* **Material to process**:
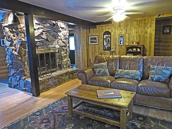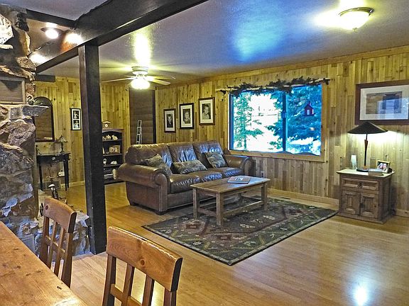 Amazing 1.4 acre lot with endless possibilities. The lot is flat accommodating for the construction of a workshop or fenced in area for animals. The trees provide plenty of privacy and quiet to enjoy the mountain living without being too far away from town! This wood sided home is loaded with mountain charm including log facing on the main level and a huge moss rock fireplace to center the main level. The kitchen, dining room, living room, and den all flow together with an abundance of natural light. Enjoy the option of main level living with the owner's suite and full bathroom just off the den space. Working from home is easy with the built-in work station and plenty of bedrooms to use as an office. The home also comes equipped with fiber optic internet, so you don't have to worry about your connection! The upper level has a loft, two spacious bedrooms and a full bathroom with architectural charm. The walkout basement gets plenty of natural light during the day and has an additional large living space and wood burning stove. The large laundry room off of the family room leads to the spacious 3 car garage. An additional two bedrooms and full bathroom round out the basement living space.
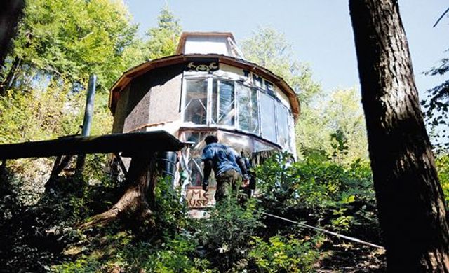 Früher war er Bauarbeiter. Vor zehn Jahren, abends nach der Arbeit, las er eine Annonce für dieses Waldgebiet in Vermont, auf dem er heute lebt: zehn Hektar nichts als Wald und Felsen, Vögel, Biber und Elche. Noch in der Nacht fuhr er von Boston Richtung Norden und kaufte den Fleck Erde. Heute steht darauf das runde Haus, das er bewohnt. Seine Freundin lernte er vor sechs Jahren während eines Florida-Urlaubs kennen, sie schmiss ihren Job als Kellnerin und zog zu ihm. Auch sie bastelt, am liebsten Handpuppen. Die drei Verpflichtungen in ihrem Leben teilen sie sich: Kinder erziehen, Grundwasser hochpumpen, alle paar Tage beim acht Kilometer entfernten Biobauernhof einkaufen gehen. Strom liefern die Solarpanele auf dem Dach. Mehr Alltag wollen sie nicht. Aber mehr Spaß geht immer.
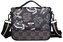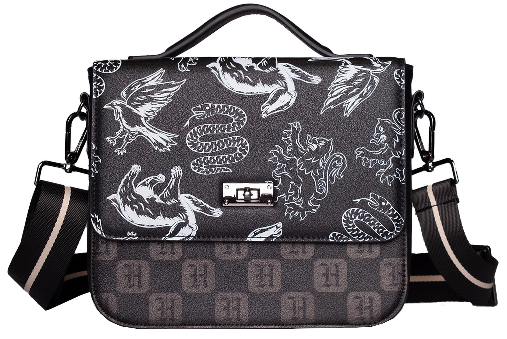 Černá dámská kabelka s popruhem přes rameno i uchem pro nošení v ruce s celoplošným potiskem zvířat bradavických kolejí.
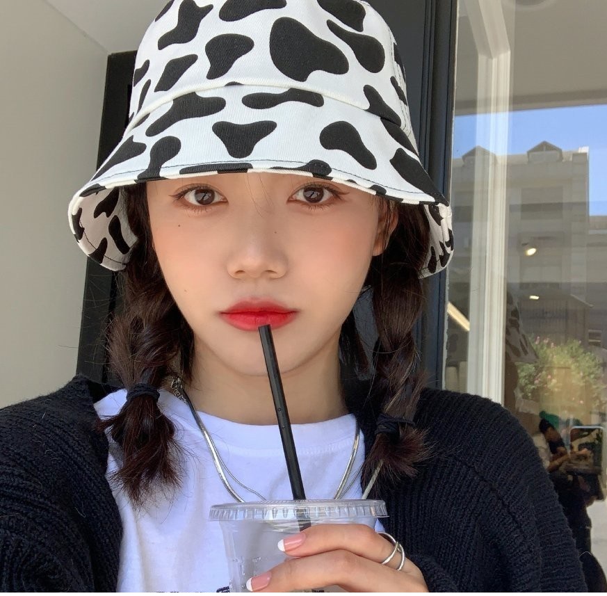 Mũ vành 2 mặt, bucket hat họa tiết bò sữa dễ thương
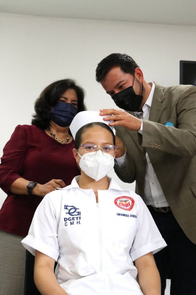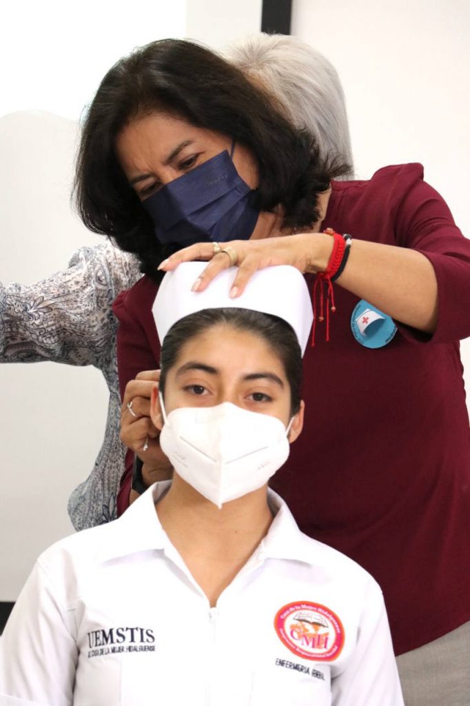 Edda Vite Ramos, presidenta del Patronato del Sistema para el Desarrollo Integral de la Familia DIF Hidalgo, encabezó la ceremonia de “Imposición de Cofia” a 51 estudiantes del bachillerato tecnológico en enfermería.
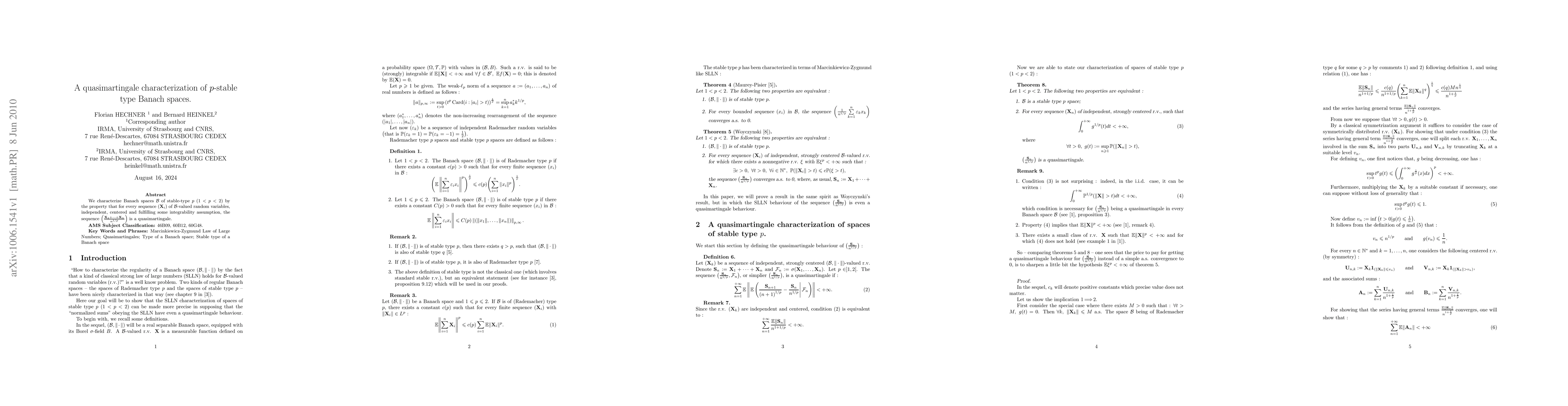 This paper characterizes Banach spaces of stable type p (1 < p < 2) by showing that for any sequence of independent, centered B-valued random variables, the sequence of partial sums normalized by n^(1/p) forms a quasimartingale. This property provides a novel perspective on the structure of such Banach spaces.
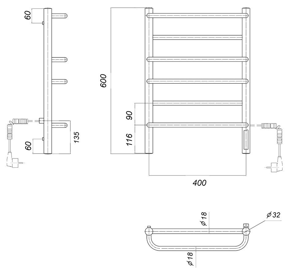 М/о расстояние (межосевое расстояние): 400Количество перекладин: 6Коллекция: ОрфейТип: электрическиеЦвет: белыйМощность, Вт: 85Ширина (мм): 432Высота (мм): 600Глубина (мм): 165-175Вес: 3,8Объем: 0,024Тэн/подключение: справаСтрана: РоссияГарантия: 2 года
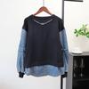 Splicing Denim Knitted Sweater Top Autumn and Winter New Design Sense Loose Fake Two-piece Sweater Pullover Women
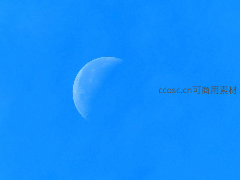 朦胧月牙悬于纯净蓝幕之上
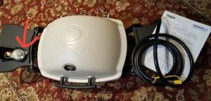 Next on today’s list was to assemble my Weber Q1200 Grill and retrofit it to use the propane quick connect built into Wild Thing. I have two 20# propane tanks in the camper and a built-in quick-connect port that allows external devices, like my new Weber Q1200 Grill, to connect directly and use this propane. The propane is regulated at the tank on the camper so the regulator that was built into the grill needed to be removed and replaced with a quick connect hose.
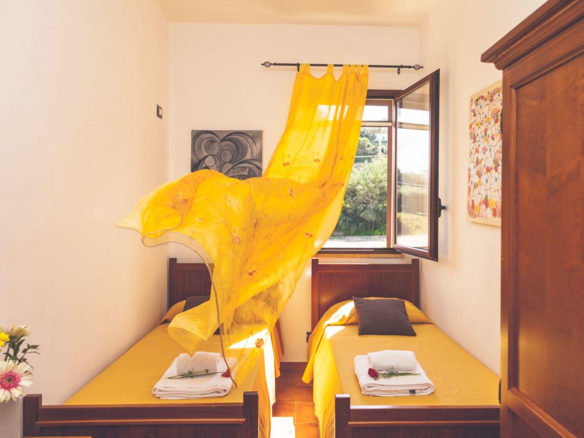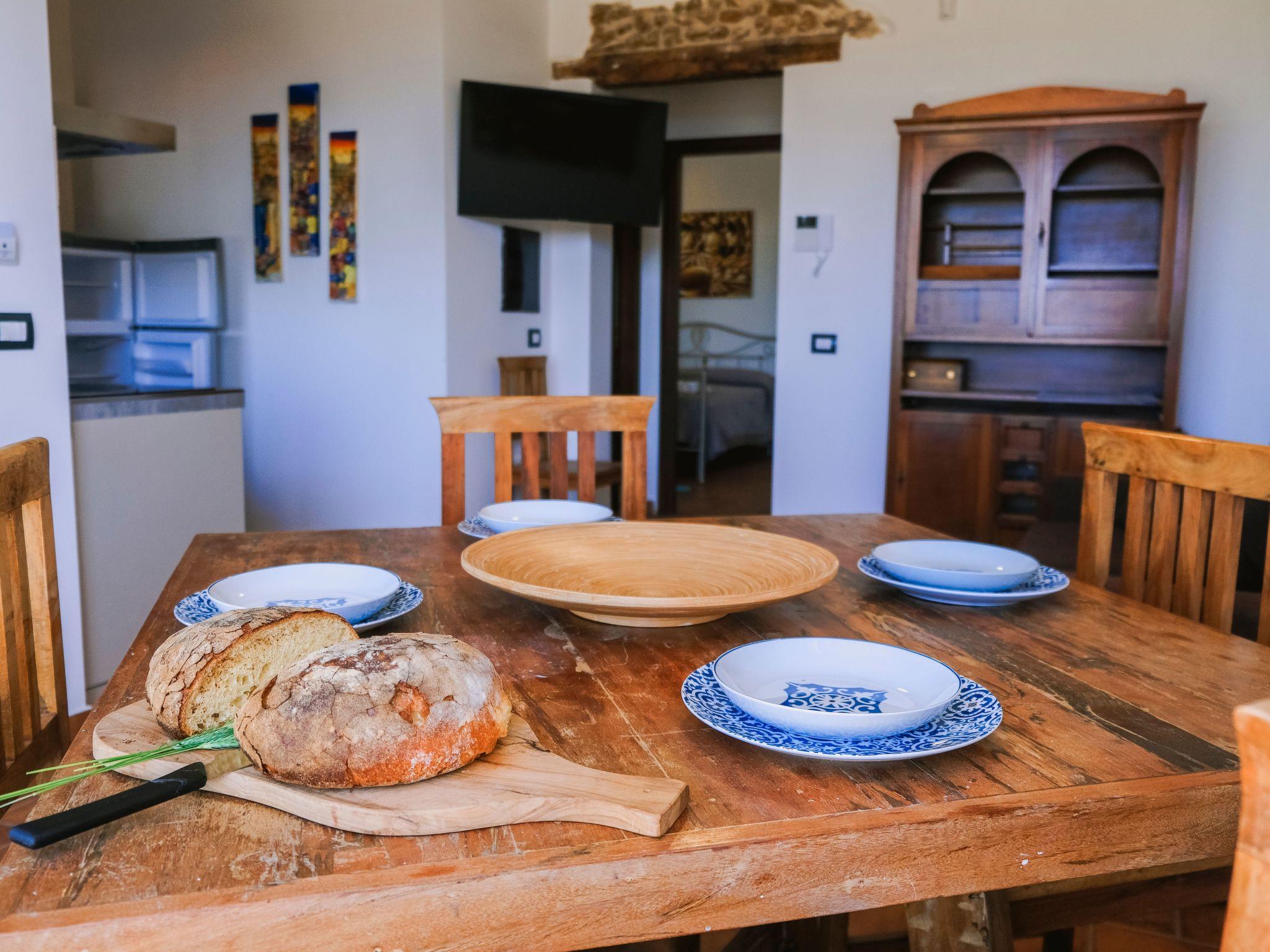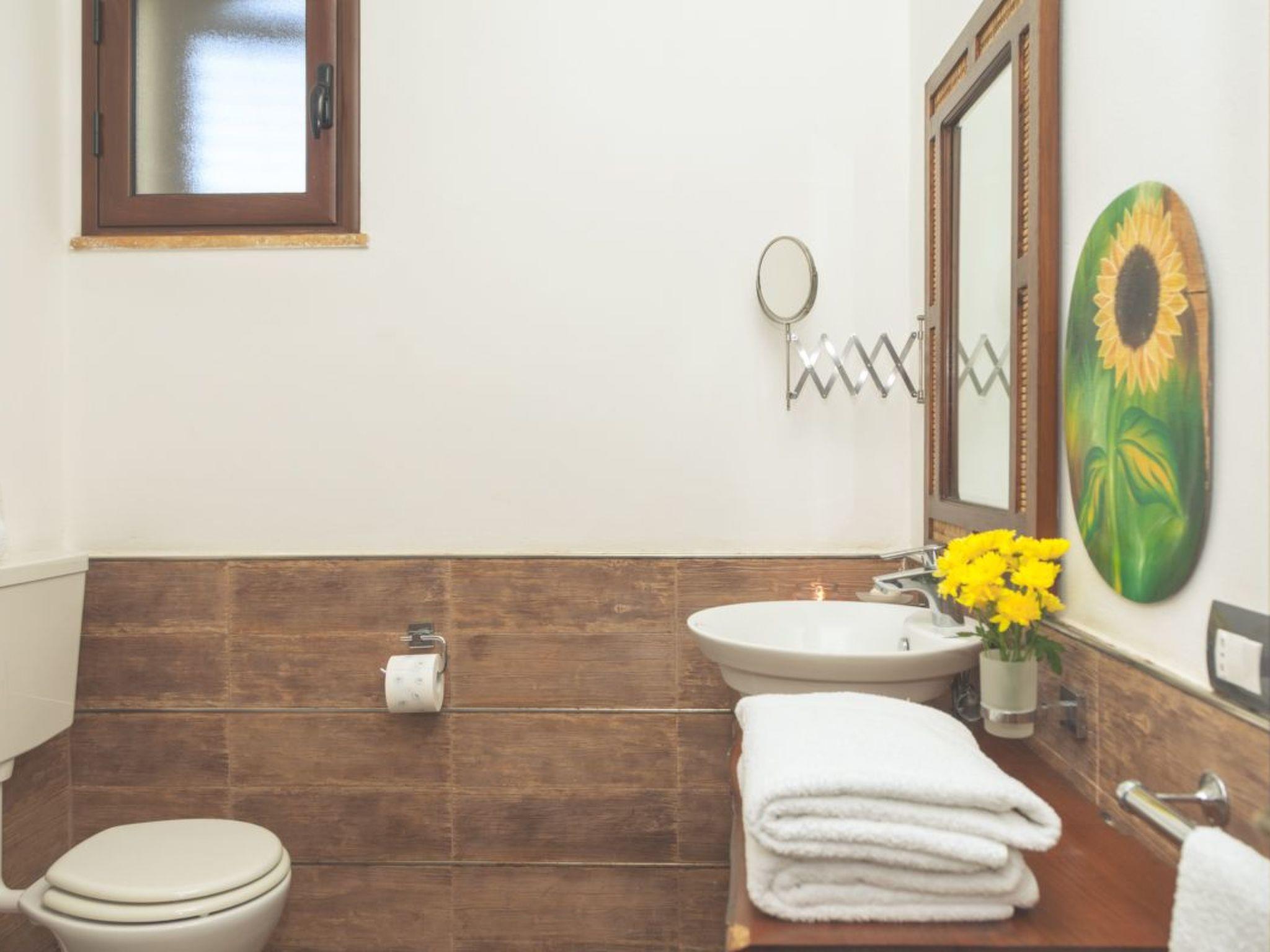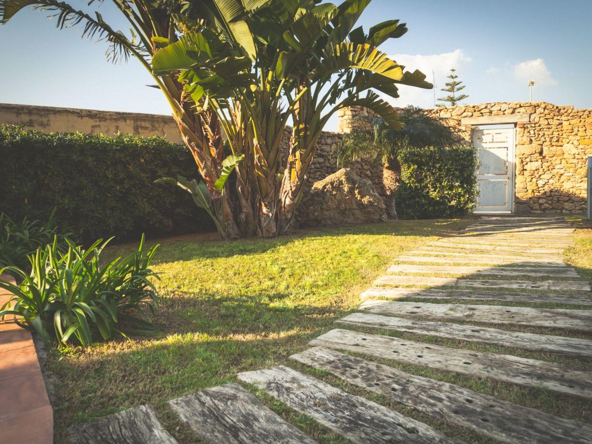 The interior of the flat is elegant and functional, comprising two bedrooms - a double with large windows overlooking the garden and a twin, which can be converted into two singles or a second double as required. The characteristic en-suite bathroom has a shower, stone walls and a solid wood and steel sink, complemented by a small window that adds a touch of brightness. The kitchen opens onto a cosy living room adorned with 19th-century Sicilian majolica tiles and a local stone wall, which together create a tranquil and inviting atmosphere.

* **Your goal**:
Copy the listing above exactly, minus the pictures.

* **Solution to this exercise**:
 Amazing 1.4 acre lot with endless possibilities. The lot is flat accommodating for the construction of a workshop or fenced in area for animals. The trees provide plenty of privacy and quiet to enjoy the mountain living without being too far away from town! This wood sided home is loaded with mountain charm including log facing on the main level and a huge moss rock fireplace to center the main level. The kitchen, dining room, living room, and den all flow together with an abundance of natural light. Enjoy the option of main level living with the owner's suite and full bathroom just off the den space. Working from home is easy with the built-in work station and plenty of bedrooms to use as an office. The home also comes equipped with fiber optic internet, so you don't have to worry about your connection! The upper level has a loft, two spacious bedrooms and a full bathroom with architectural charm. The walkout basement gets plenty of natural light during the day and has an additional large living space and wood burning stove. The large laundry room off of the family room leads to the spacious 3 car garage. An additional two bedrooms and full bathroom round out the basement living space.
 Früher war er Bauarbeiter. Vor zehn Jahren, abends nach der Arbeit, las er eine Annonce für dieses Waldgebiet in Vermont, auf dem er heute lebt: zehn Hektar nichts als Wald und Felsen, Vögel, Biber und Elche. Noch in der Nacht fuhr er von Boston Richtung Norden und kaufte den Fleck Erde. Heute steht darauf das runde Haus, das er bewohnt. Seine Freundin lernte er vor sechs Jahren während eines Florida-Urlaubs kennen, sie schmiss ihren Job als Kellnerin und zog zu ihm. Auch sie bastelt, am liebsten Handpuppen. Die drei Verpflichtungen in ihrem Leben teilen sie sich: Kinder erziehen, Grundwasser hochpumpen, alle paar Tage beim acht Kilometer entfernten Biobauernhof einkaufen gehen. Strom liefern die Solarpanele auf dem Dach. Mehr Alltag wollen sie nicht. Aber mehr Spaß geht immer.
 Černá dámská kabelka s popruhem přes rameno i uchem pro nošení v ruce s celoplošným potiskem zvířat bradavických kolejí.
 Mũ vành 2 mặt, bucket hat họa tiết bò sữa dễ thương
 Edda Vite Ramos, presidenta del Patronato del Sistema para el Desarrollo Integral de la Familia DIF Hidalgo, encabezó la ceremonia de “Imposición de Cofia” a 51 estudiantes del bachillerato tecnológico en enfermería.
 This paper characterizes Banach spaces of stable type p (1 < p < 2) by showing that for any sequence of independent, centered B-valued random variables, the sequence of partial sums normalized by n^(1/p) forms a quasimartingale. This property provides a novel perspective on the structure of such Banach spaces.
 М/о расстояние (межосевое расстояние): 400Количество перекладин: 6Коллекция: ОрфейТип: электрическиеЦвет: белыйМощность, Вт: 85Ширина (мм): 432Высота (мм): 600Глубина (мм): 165-175Вес: 3,8Объем: 0,024Тэн/подключение: справаСтрана: РоссияГарантия: 2 года
 Splicing Denim Knitted Sweater Top Autumn and Winter New Design Sense Loose Fake Two-piece Sweater Pullover Women
 朦胧月牙悬于纯净蓝幕之上
 Next on today’s list was to assemble my Weber Q1200 Grill and retrofit it to use the propane quick connect built into Wild Thing. I have two 20# propane tanks in the camper and a built-in quick-connect port that allows external devices, like my new Weber Q1200 Grill, to connect directly and use this propane. The propane is regulated at the tank on the camper so the regulator that was built into the grill needed to be removed and replaced with a quick connect hose.
 The interior of the flat is elegant and functional, comprising two bedrooms - a double with large windows overlooking the garden and a twin, which can be converted into two singles or a second double as required. The characteristic en-suite bathroom has a shower, stone walls and a solid wood and steel sink, complemented by a small window that adds a touch of brightness. The kitchen opens onto a cosy living room adorned with 19th-century Sicilian majolica tiles and a local stone wall, which together create a tranquil and inviting atmosphere.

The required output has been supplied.